Anger, resentment, bitterness—we’ve experienced these emotions in some way or another, toward a boyfriend or a parent or a loved one, but most of the time, not speaking out and keeping your thoughts bottled up play a major role in these feelings and emotions festering until they are all consuming. There has been many times I’ve felt like a doormat, like people are walking all over me, but for a long time, I was allowing it because I convinced myself it was okay for my friends or a loved one to treat me with disrespect or as if I'm inferior to them since they had a bad day or they “didn’t know any better."
Some days, I felt like I was going to burst with anger when I felt continuously taken advantage of, but I let that anger mount up by making up mediocre excuses to justify their actions towards me. Everybody has circumstances and everybody has an excuse, but at the end of the day, I need to stand in my truth and to only allow healthy and uplifting relationships that show a mutual respect.
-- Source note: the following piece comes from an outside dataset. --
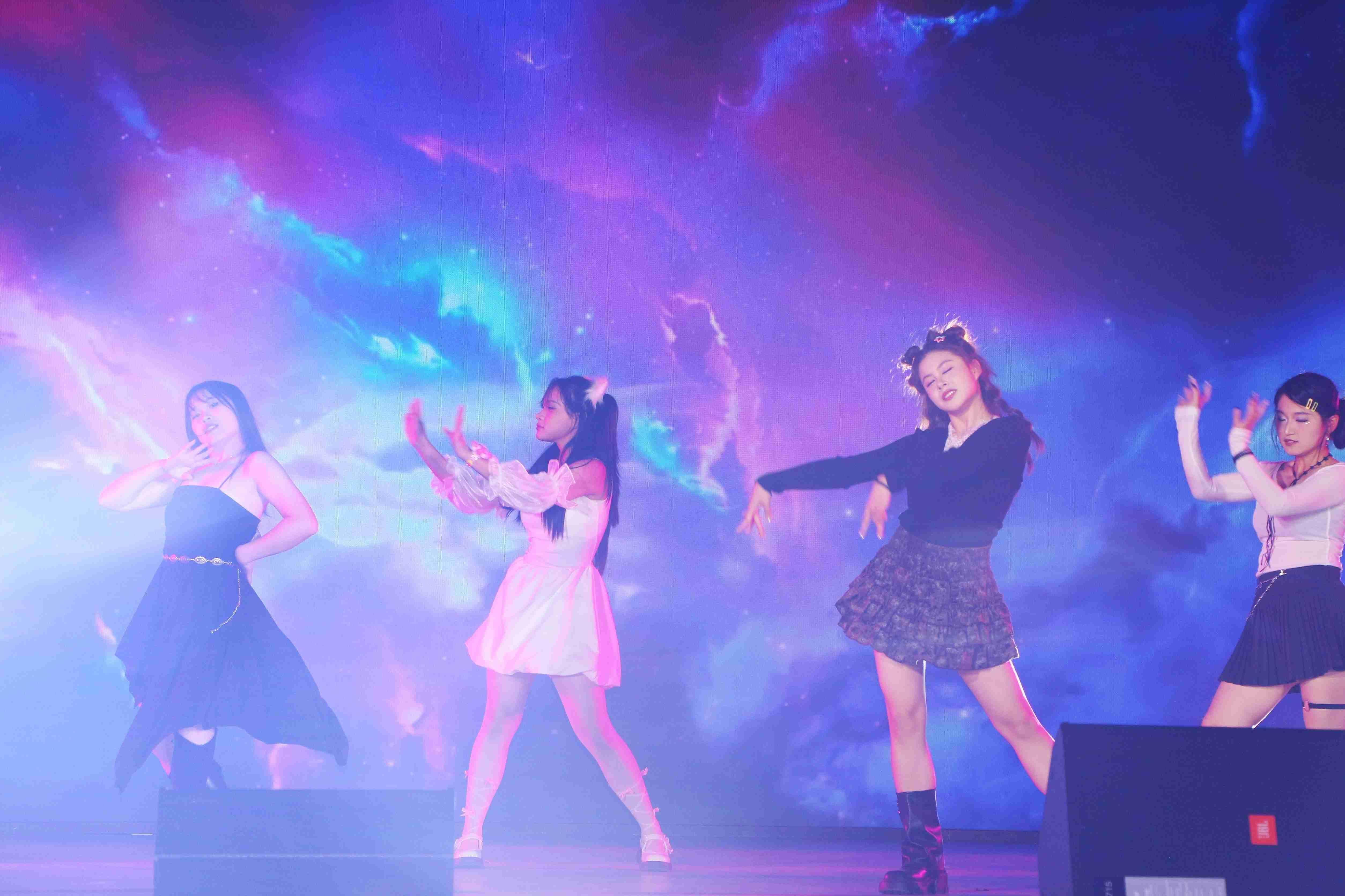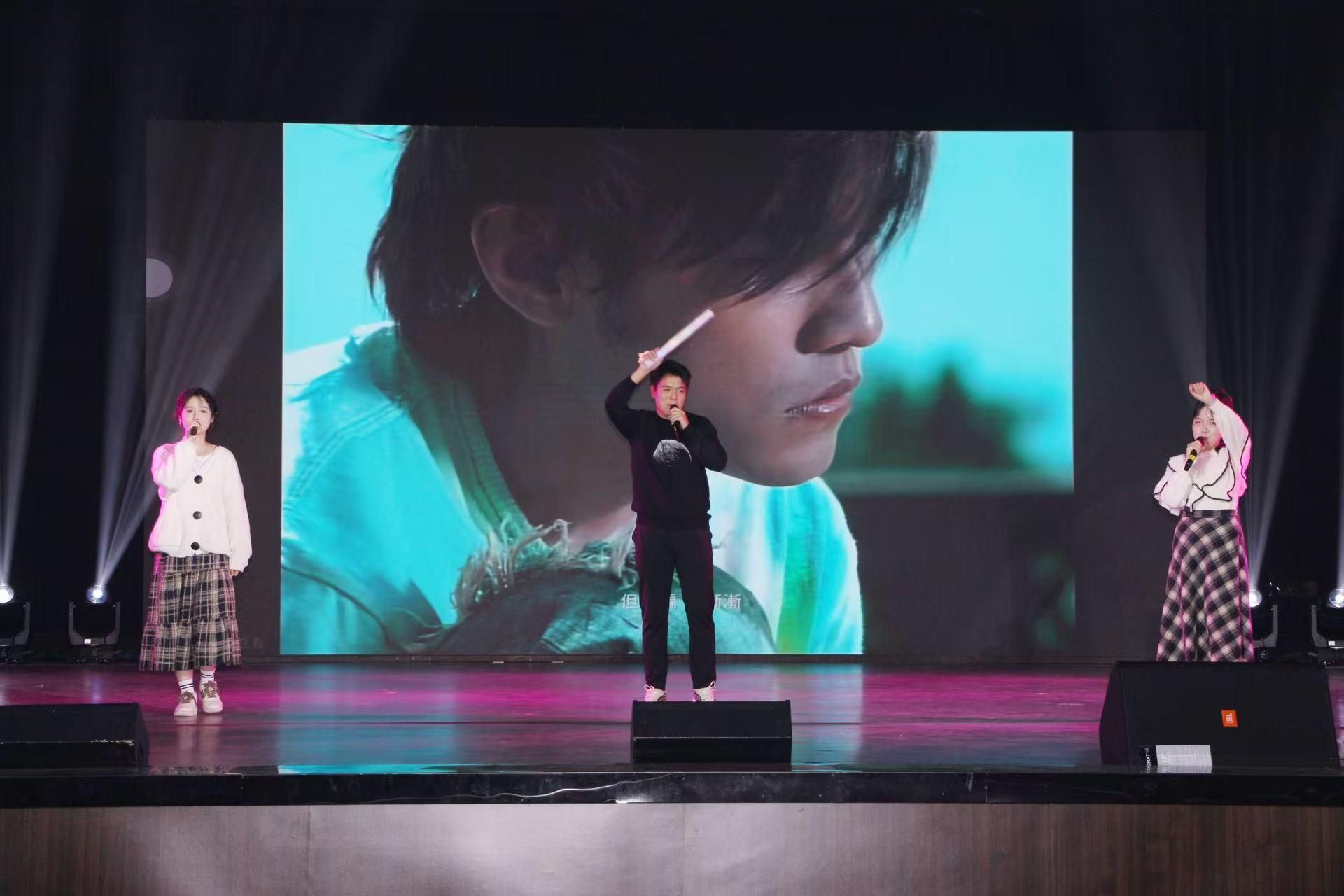 首先登场的是91传媒 艺术团的同学们,她们带来的舞蹈《Ditto》点燃了全场的气氛。随后,91传媒 2401班刘子萱、谭俊涛、吾拉哈特带来了歌曲串烧《晴光爱亿·轮落空响》,三位同学演绎的多首影视金曲,唤醒了在场观众的青春回忆。国财2401班同学带来的歌曲《你曾是少年》唱出了新生的蓬勃朝气,观众席上的师生跟随音乐挥动手中的荧光棒,将现场氛围推向又一个高潮。

Therefore, boundaries are completely necessary and should be placed accordingly so you don’t sacrifice what you want and need to please anyone else.
In life, there are moments that make us feel extremely blessed and thankful and then there are moments that leave us wondering and questioning just about everything, but I’m learning that those moments you cringe thinking about are the ones that truly shape your thought process and what you choose to do and allow. Hardships and heartbreak show you where you need to set boundaries and how you need to go about doing so because in order to stand in your truth, your thoughts, your words, and your actions should be in alignment. That’s why, I refuse to do anything that doesn’t better me for following my dreams and aspirations and I won’t allow people in my life who don’t treat me as if I am worthy, capable, and resilient.
I’ve come to the conclusion that communication is really everything; you don’t know what is going through someone else’s mind or how they feel unless they express it to you, and the anger or resentment or bitterness you have may be towards someone who is oblivious as to why you feel that way. Tell them. Be real. Be open. Instead of expecting people, even the ones you are closest with, to understand you, convey yourself and your feelings in a way that they’ll understand or know where you are coming from. Nothing ever changes if you don’t speak up or take actions that promote what you’re saying and thinking. In order to live life to the fullest, be in raw form and embrace the truths that make you who you are.